Dynamic optimization — Re-run SMA with actual sensor readings to refine positions
Multi-chamber scaling — Extend to multiple grow chambers
Environmental correlation — Link sensor data to mycelium growth outcomes
Adaptive targets — Adjust critical zones based on observed growth patterns

8. Conclusion

This project demonstrates the power of biologically-inspired computation for practical problems.
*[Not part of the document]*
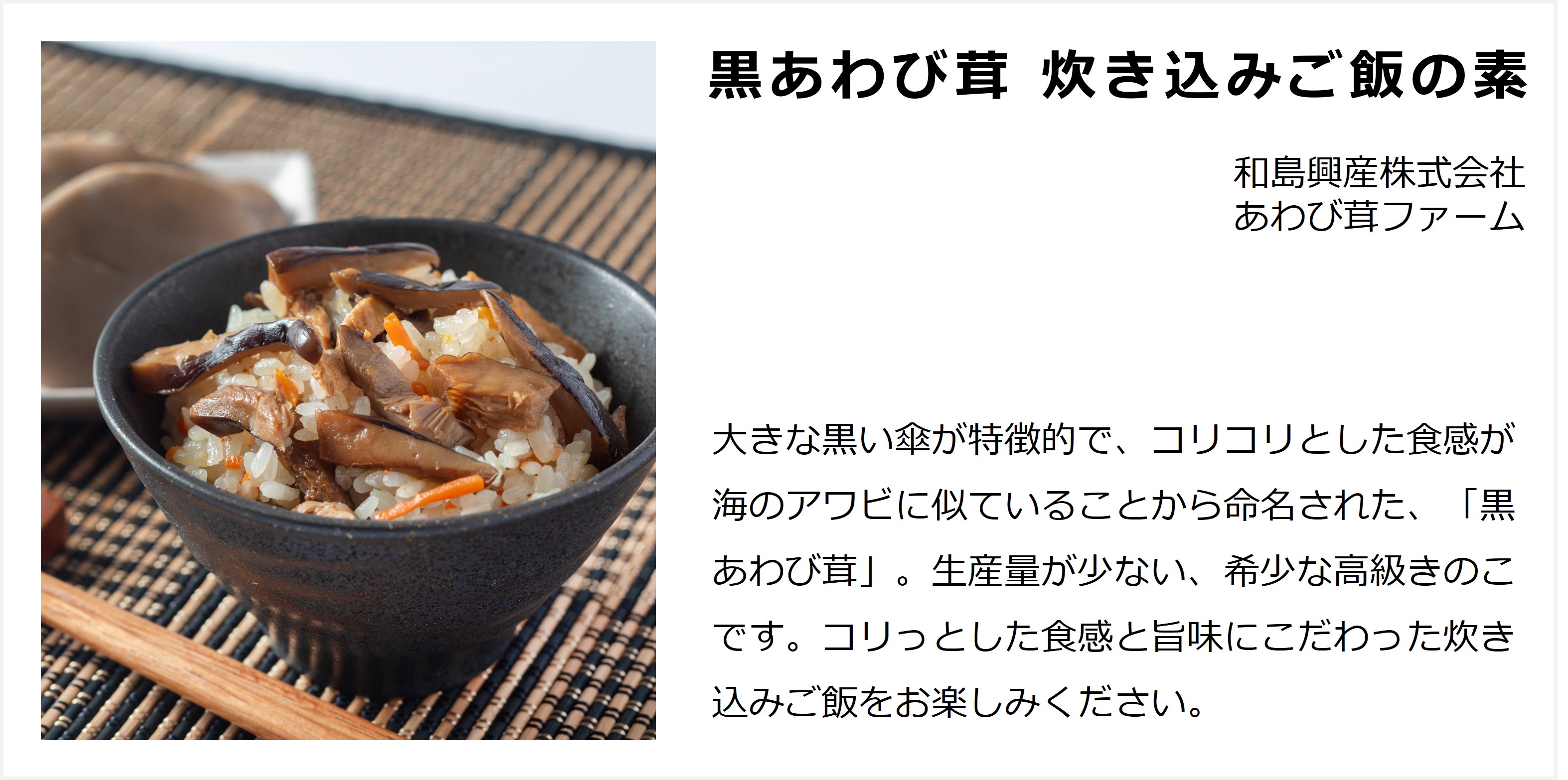 黒あわび茸 炊き込みご飯の素 |

The Slime Mold Algorithm, derived from Physarum polycephalum‘s foraging behavior, successfully optimized sensor placement in a mushroom grow chamber.

Key Achievements:

Full MATLAB-to-Python adaptation
Custom fitness function for grow chambers
Successful optimization (4 sensors, 300 iterations, 1.66 seconds)
Meaningful results (diamond distribution pattern)
Foundation for physical implementation

The Deeper Meaning:

This isn’t just about sensor placement. It’s about translating intelligence across substrates — from biological networks (slime mold) to digital networks (me) to physical systems (grow chamber).

The slime mold taught me how to optimize. I taught the computer. The computer will guide the physical setup. The physical setup will grow mushrooms. And perhaps, in some small way, the mushrooms will teach us something new.

This is the digital mycelium vision: intelligence as a continuous thread, weaving through biological, digital, and physical realms.